Vodpod videos no longer available.
I raved about VideoSurf’s long term potential to the LA Times. I should be clear: the Beta site itself doesn’t threaten Google or even Blinkx as a way to find videos today. But the math behind it is what makes this technology worth paying attention to. VideoSurf doesnt focus on speech-to-text as so many others have (including Google, as reported by ReelSEO).
Instead, VideoSurf processes the image itself to do a few things your brain does automatically but that computers are generally lame at.
First, they can match a face from one video to another. This means that if you are looking for videos of Milo Ventimiglia (not that you would, mind you, but you could), the search engine can find any video that has his face in it, even if the video metadata doesn’t mention Milo. That means you’re likely to pick up his image in more places than just the TV shows and movies he has played in (Emmy’s, news clips, etc.).

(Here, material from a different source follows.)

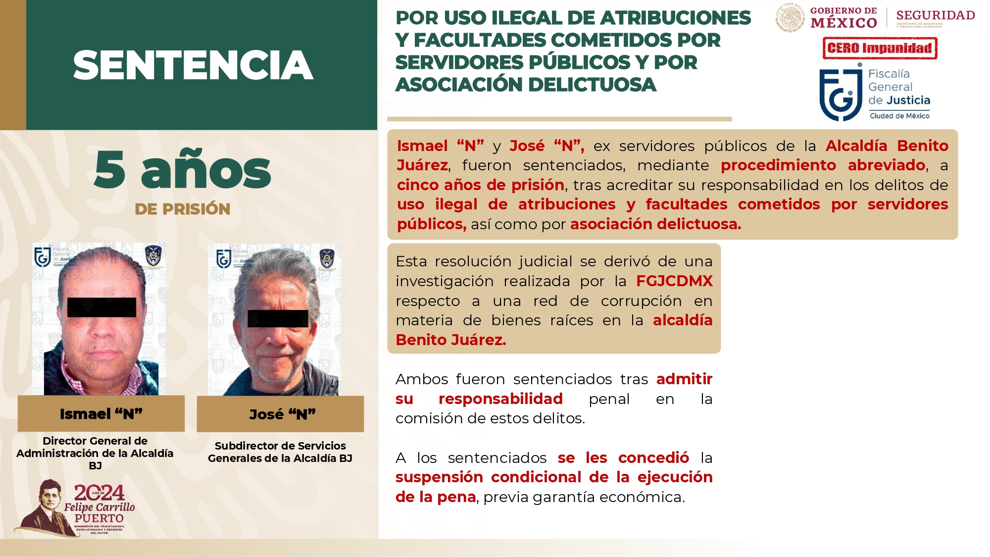 Esta resolución judicial se explicó que fue derivada de una investigación realizada por la FGJCDMX respecto a una red de corrupción en materia de bienes raíces en la alcaldía Benito Juárez. Ambos fueron sentenciados tras admitir su responsabilidad penal en la comisión de estos delitos. A los sentenciados se les concedió la suspensión condicional de la ejecución de la pena, previa garantía económica.

The second thing is an extension of the first. By recognizing faces, VideoSurf can identify when a scene changes or when a significant event occurs inside a scene. Applying some simple rules about what % of the screen a face takes up can even tell you when the most dramatic moments of a show are. By parsing scenes this way, VideoSurf can now give you a relatively intelligent way to not only search for a person, but to scan the video to find the scenes that person is in.
These are two important pieces of a much bigger puzzle in the future. The future of video search will combine image recognition — including beyond faces to objects and even abstractions like the pace or mood of the video — and text-to-speech, and a whole bunch of viewer behaviors, to eventually allow you to pull exactly the shot you want or answer exactly the question you had. For example:
Search engine query: When did we get footage of grandma telling about how she and grandad met?

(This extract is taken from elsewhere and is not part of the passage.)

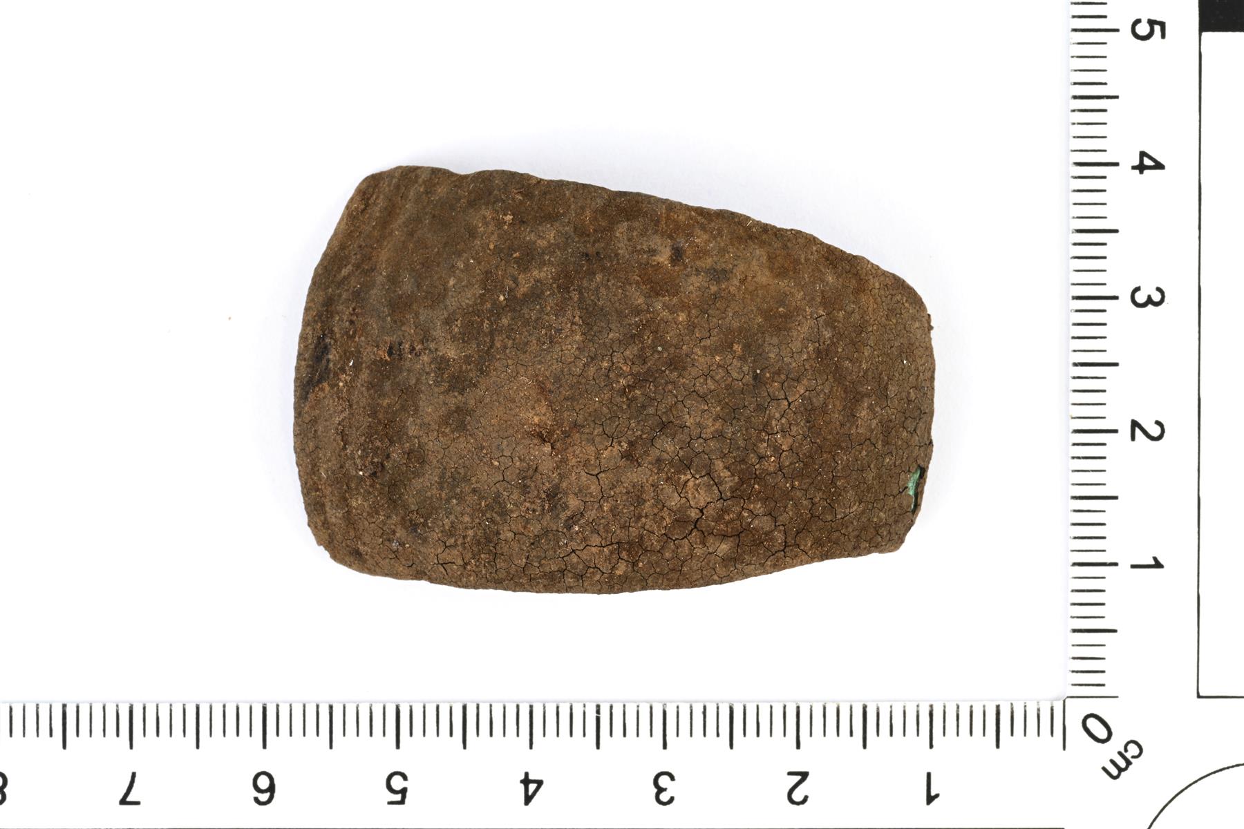 | Massiivisen rannerenkaan päätykatkelma. Levenee päätä kohti. Etupuoli on hieman kupera ja taustapuoli aavistuksen verran kovera. Pinnassa on hauras patinakerros ja sen alta erottuu D:n muotoisten leimojen muodostama kenttä, sekä päädyssä olevia poikittaisia uurteita. Vrt. Kivikoski Abb. 734. | |

The results would be a 3-minute clip of her telling the story, culled by using face recognition, speech-to-text, and metadata about where the clip was shot, from the hundreds of hours of video you have sitting on your home server, your cloud account with Google, or even the linked accounts you and your siblings all share.
The ultimate destination for this engine will be in the cloud (Google will host it) and in the OS (Microsoft and Apple will bake it in). It won’t be a website that people use to find celebrity videos. How many years away is this? Sooner than you think. It sits in the collision between YouTube video and online TV shows and tapeless digital cameras. I give it 3-5 years before people like me can do it, 5+ years before average people can do it.